- **Exercise prompt**: Below is a listing to copy exactly; no image goes into the copy.

- **Material provided**:
=== Begin Enclosure ===
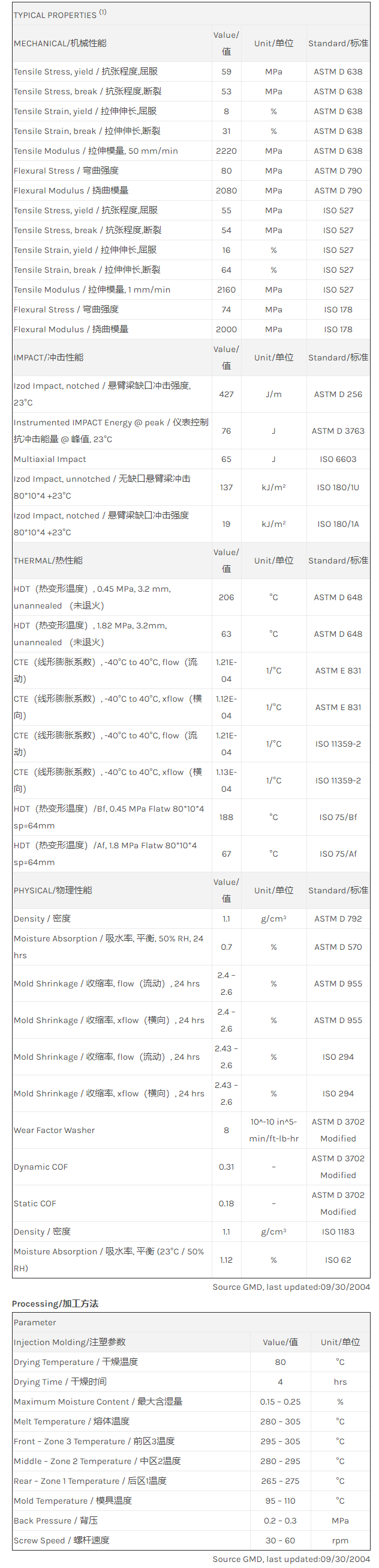 应用范围: 产品描述 LNP Lubriloy RX05498物性表 “LNP LUBRILOY RX05498 compound是一种聚酰胺66(尼龙66)材料,加工方式为:注射成型。 LNP LUBRILOY RX05498 compound的主要特性有: 耐冲击 润滑” LNP LUBRILOY* RX05498 is a compound based on Nylon 66 resin
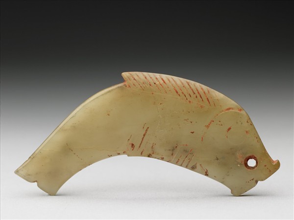 玉質,表面附著硃砂。作一魚,首尾皆向下彎,似呈月牙形。圓眼,近魚嘴處鑽一小孔用以穿繩繫掛。紋飾簡單而渾樸古趣。
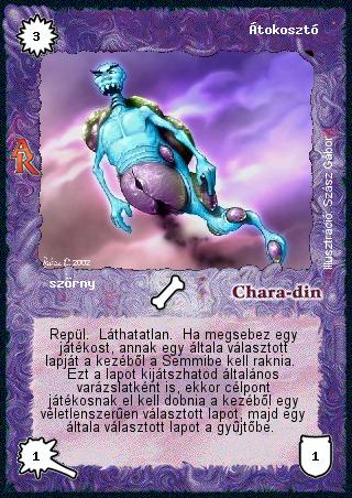 Kiadás: Alanori Krónika Gyakoriság: ritka Lapszín (isten): Chara-din Típus: szörny Szöveg: Repül. Láthatatlan. Ha megsebez egy játékost, annak egy általa választott lapját a kezéből a Semmibe kell raknia. Ezt a lapot kijátszhatod általános varázslatként is, ekkor célpont játékosnak el kell dobnia a kezéből egy véletlenszerűen választott lapot, majd egy általa választott lapot a gyűjtőbe. Illusztráció: Szász Gábor
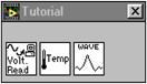 Când se lanseaza LabView, apar doua ferestre:
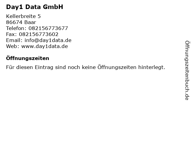 | Öffnungszeiten Day1 Data GmbH in Baar anzeigen | |
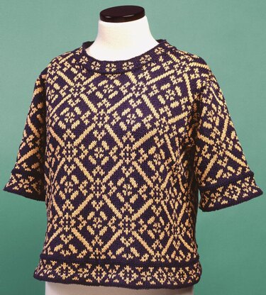 I was playing with different elements of Fair Isle designs when I came up with the pattern used in this sweater. I thought it was a perfect match for the royal colors of purple and gold. The band patterns are all taken from the larger pattern, and the bands are all hemmed for a nice finish. The purl ridges set the patterns off from one another.
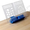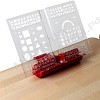 Рассмотрим подробней возможности самого трафарета: линейка и транспортир, буквы русского и латинского алфавитов, цифры и геометрические фигуры, специальные символы и различные знаки. Трафареты просто необходимы ребёнку в начальной школе, так как позволяют быстрее осуществить постановку руки к письму, и просто помогают создавать красивые записи и изображения.
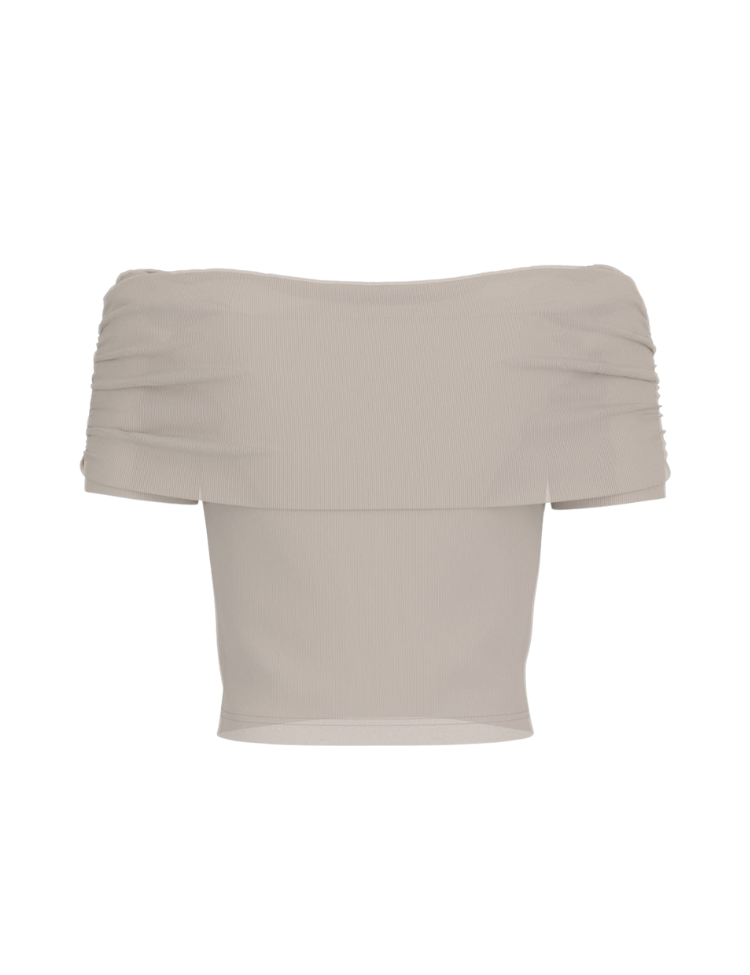 Deze off shoulder top in beige heeft een gedrapeerde halslijn die de schouders benadrukt. De korte mouwen zijn subtiel gerimpeld en aan de voorzijde zie je een opvallend goudkleurig detail ter hoogte van het decolleté. Het topje is gemaakt van ribstof die soepel aansluit en gemaakt is van stretchmateriaal. De cropped lengte eindigt net boven de taille. Aan de onderzijde vind je het Guess logo.
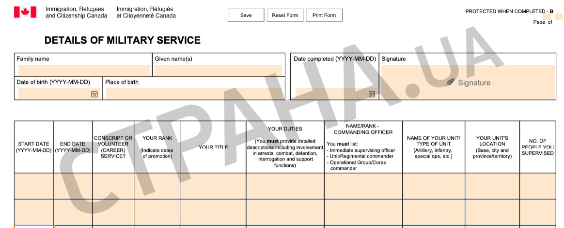 Форма с информацией о военной службе, которую требуют у украинских мужчин, подающихся на ВНЖ в Канаде
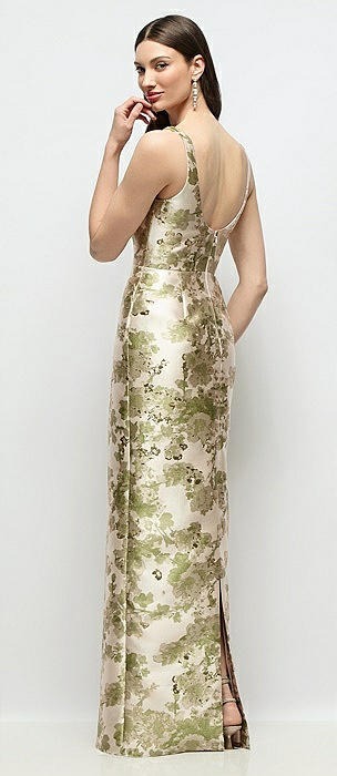Scoop Neck Floral Satin Column Maxi Dress in sage cottage rose
=== End Enclosure ===
- **Response area**:
 应用范围: 产品描述 LNP Lubriloy RX05498物性表 “LNP LUBRILOY RX05498 compound是一种聚酰胺66(尼龙66)材料,加工方式为:注射成型。 LNP LUBRILOY RX05498 compound的主要特性有: 耐冲击 润滑” LNP LUBRILOY* RX05498 is a compound based on Nylon 66 resin
 玉質,表面附著硃砂。作一魚,首尾皆向下彎,似呈月牙形。圓眼,近魚嘴處鑽一小孔用以穿繩繫掛。紋飾簡單而渾樸古趣。
 Kiadás: Alanori Krónika Gyakoriság: ritka Lapszín (isten): Chara-din Típus: szörny Szöveg: Repül. Láthatatlan. Ha megsebez egy játékost, annak egy általa választott lapját a kezéből a Semmibe kell raknia. Ezt a lapot kijátszhatod általános varázslatként is, ekkor célpont játékosnak el kell dobnia a kezéből egy véletlenszerűen választott lapot, majd egy általa választott lapot a gyűjtőbe. Illusztráció: Szász Gábor
 Când se lanseaza LabView, apar doua ferestre:
 | Öffnungszeiten Day1 Data GmbH in Baar anzeigen | |
 I was playing with different elements of Fair Isle designs when I came up with the pattern used in this sweater. I thought it was a perfect match for the royal colors of purple and gold. The band patterns are all taken from the larger pattern, and the bands are all hemmed for a nice finish. The purl ridges set the patterns off from one another.
 Рассмотрим подробней возможности самого трафарета: линейка и транспортир, буквы русского и латинского алфавитов, цифры и геометрические фигуры, специальные символы и различные знаки. Трафареты просто необходимы ребёнку в начальной школе, так как позволяют быстрее осуществить постановку руки к письму, и просто помогают создавать красивые записи и изображения.
 Deze off shoulder top in beige heeft een gedrapeerde halslijn die de schouders benadrukt. De korte mouwen zijn subtiel gerimpeld en aan de voorzijde zie je een opvallend goudkleurig detail ter hoogte van het decolleté. Het topje is gemaakt van ribstof die soepel aansluit en gemaakt is van stretchmateriaal. De cropped lengte eindigt net boven de taille. Aan de onderzijde vind je het Guess logo.
 Форма с информацией о военной службе, которую требуют у украинских мужчин, подающихся на ВНЖ в Канаде
Scoop Neck Floral Satin Column Maxi Dress in sage cottage rose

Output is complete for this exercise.